## [THE TASK]
Your task is to output the listing word for word, with pictures excluded.

## [DATA EXTRACT]
★ ★ ★

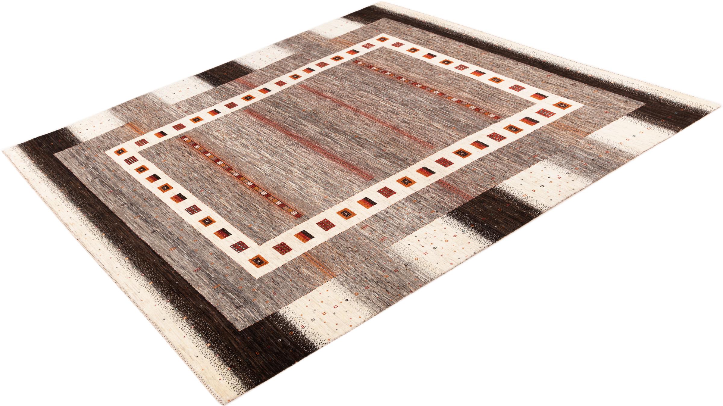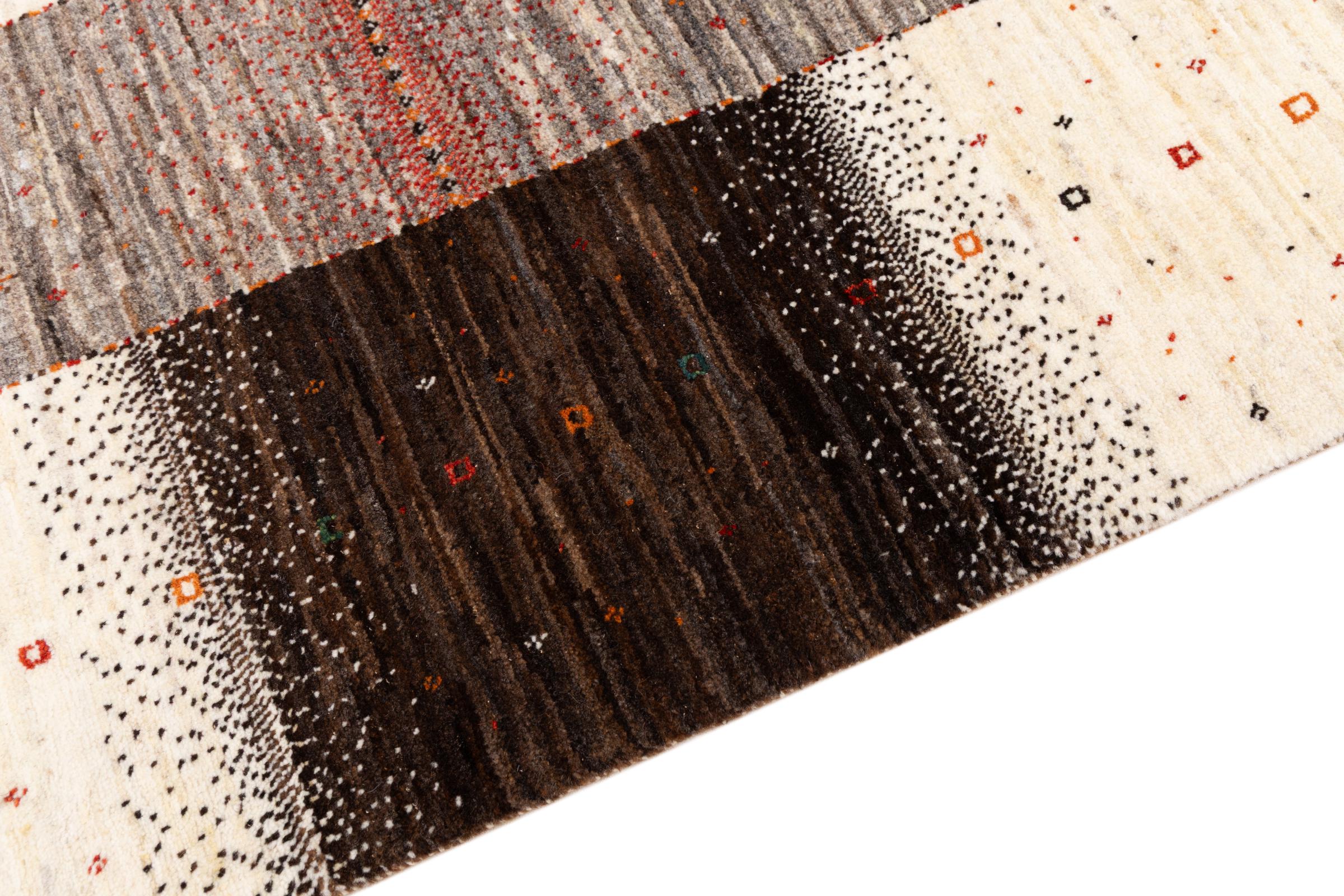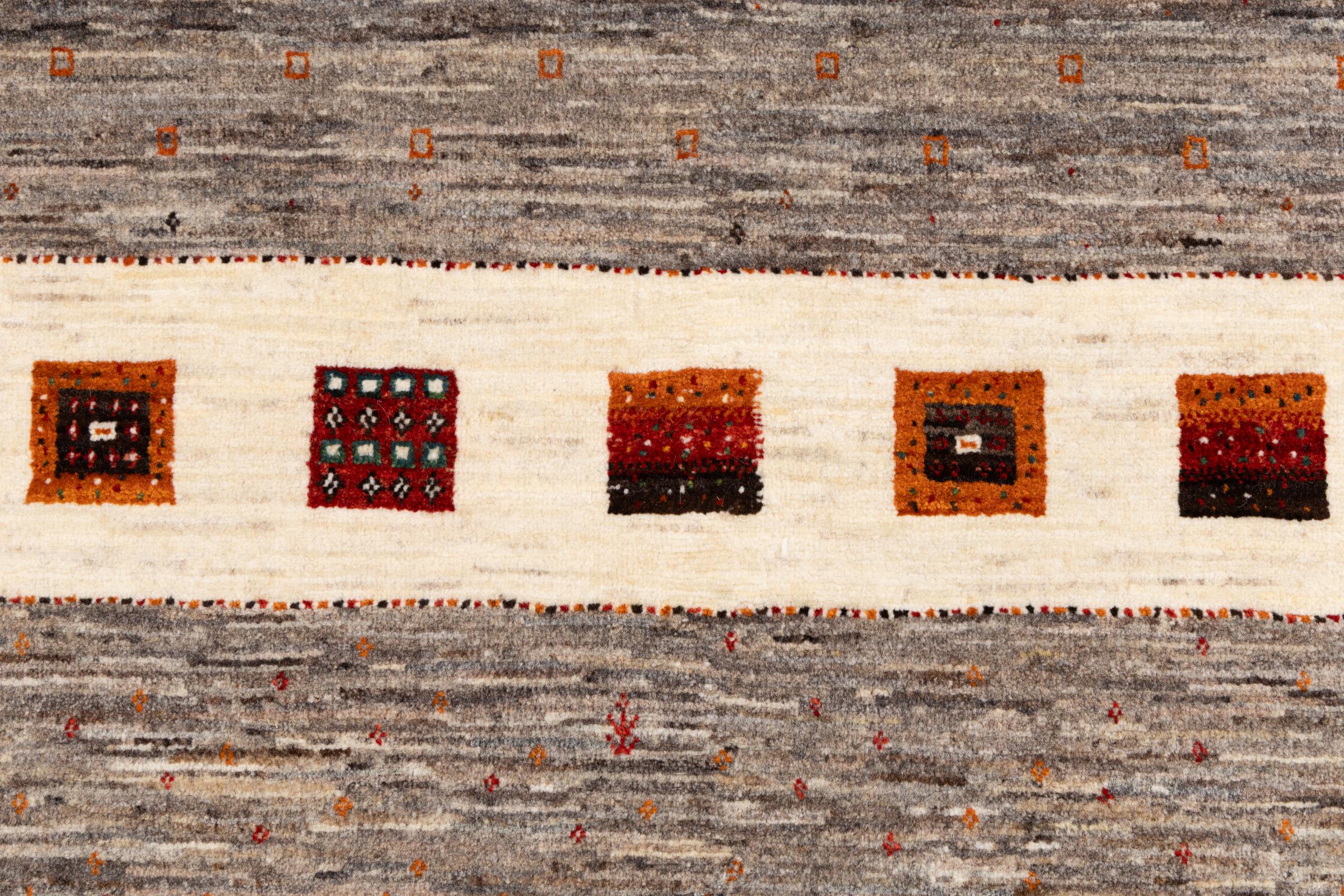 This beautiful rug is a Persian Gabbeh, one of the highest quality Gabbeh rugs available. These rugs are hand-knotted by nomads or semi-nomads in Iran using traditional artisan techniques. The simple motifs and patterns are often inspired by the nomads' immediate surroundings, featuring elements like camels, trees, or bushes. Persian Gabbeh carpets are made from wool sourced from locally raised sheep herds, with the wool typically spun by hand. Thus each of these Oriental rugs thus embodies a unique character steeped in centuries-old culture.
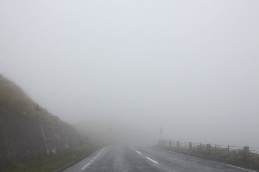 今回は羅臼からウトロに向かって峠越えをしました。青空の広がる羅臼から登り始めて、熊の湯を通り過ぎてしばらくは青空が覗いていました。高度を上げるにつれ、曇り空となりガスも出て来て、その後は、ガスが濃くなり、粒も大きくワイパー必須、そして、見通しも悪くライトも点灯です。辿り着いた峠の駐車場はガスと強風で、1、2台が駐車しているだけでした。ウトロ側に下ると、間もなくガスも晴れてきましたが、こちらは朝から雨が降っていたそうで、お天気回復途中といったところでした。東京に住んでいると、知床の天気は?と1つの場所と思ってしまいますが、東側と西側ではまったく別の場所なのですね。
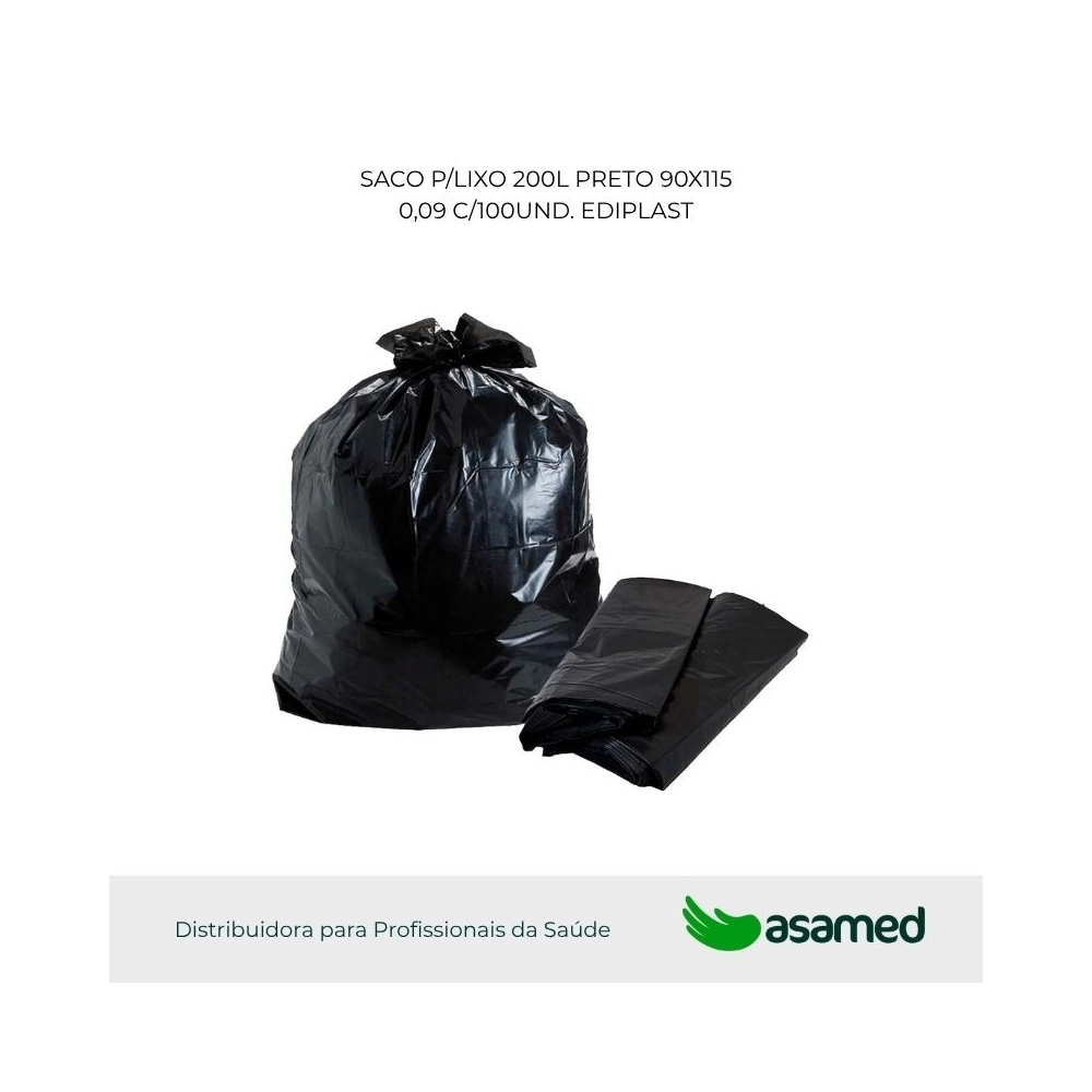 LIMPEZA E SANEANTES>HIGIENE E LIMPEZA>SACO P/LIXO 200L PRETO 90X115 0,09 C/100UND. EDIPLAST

★ ★ ★

## [RESULT FOR THIS EXERCISE]
 This beautiful rug is a Persian Gabbeh, one of the highest quality Gabbeh rugs available. These rugs are hand-knotted by nomads or semi-nomads in Iran using traditional artisan techniques. The simple motifs and patterns are often inspired by the nomads' immediate surroundings, featuring elements like camels, trees, or bushes. Persian Gabbeh carpets are made from wool sourced from locally raised sheep herds, with the wool typically spun by hand. Thus each of these Oriental rugs thus embodies a unique character steeped in centuries-old culture.
 今回は羅臼からウトロに向かって峠越えをしました。青空の広がる羅臼から登り始めて、熊の湯を通り過ぎてしばらくは青空が覗いていました。高度を上げるにつれ、曇り空となりガスも出て来て、その後は、ガスが濃くなり、粒も大きくワイパー必須、そして、見通しも悪くライトも点灯です。辿り着いた峠の駐車場はガスと強風で、1、2台が駐車しているだけでした。ウトロ側に下ると、間もなくガスも晴れてきましたが、こちらは朝から雨が降っていたそうで、お天気回復途中といったところでした。東京に住んでいると、知床の天気は?と1つの場所と思ってしまいますが、東側と西側ではまったく別の場所なのですね。
 LIMPEZA E SANEANTES>HIGIENE E LIMPEZA>SACO P/LIXO 200L PRETO 90X115 0,09 C/100UND. EDIPLAST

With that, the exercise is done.